One of the problems with scenario training is that you cannot possibly account for every possible scenario that may occur – attacks can be random and unpredictable. It is true that certain attack scenarios can follow certain rituals – however the student must be warned against sticking rigidly to the rules set out by such training or they will get stuck in one pattern of thinking. For example if you train a violent, escalating situation where someone is pushing and shoving and the attacked is conditioned to responding to a specific trigger – they may be waiting for this trigger in reality. The reality may be different – the attacker may strike before this trigger or maybe not at all. Therefore it is best to see these drills as a way that people can get a general feel for the aggression of a real life situation and not necessarily become fixated in exactly how it plays out.

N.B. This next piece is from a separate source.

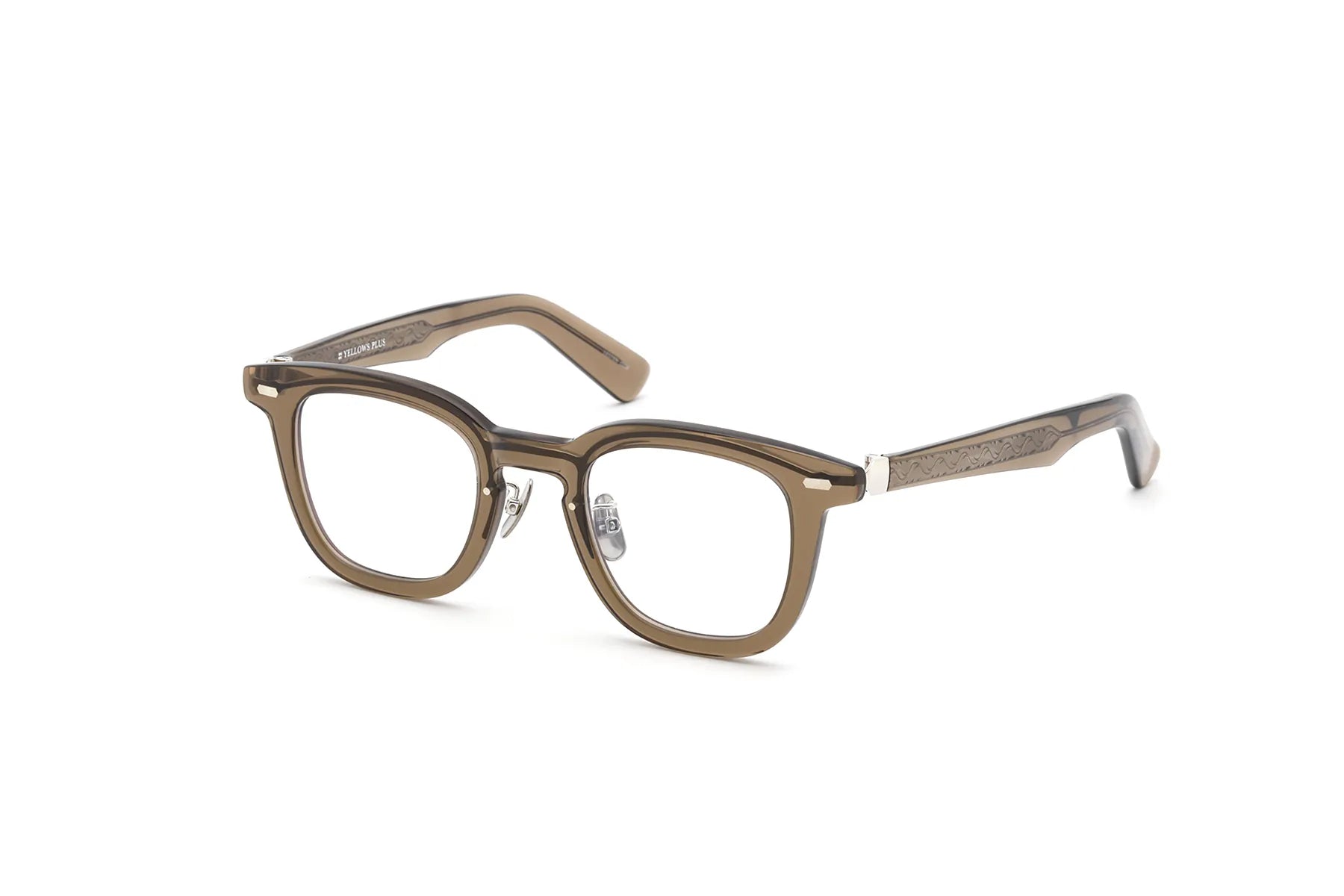 From the front, the glasses appear to be simple, voluminous Wellington-style cell frames, but the back of the front features YELLOWS PLUS's unique titanium back bar.

This is why continual, repetitive karate / martial arts training is required to internalise the training drills and enable a practitioner to call upon their body to perform under stress without thinking. Also without worrying about whether they should be remembering the ‘attacked in a pub drill’ or the ‘attacked in a dark street drill’ etc… For starters we will not be able to process such information when under the effects of adrenalin. We need to appreciate what we can achieve through our training drills; directness, unthinking actions, simplicity and so on. The beauty of training is that it is in a safe environment and we can analyse different scenarios, go slow, assess and train is such a way that benefits all involved and above all is safe and enjoyable.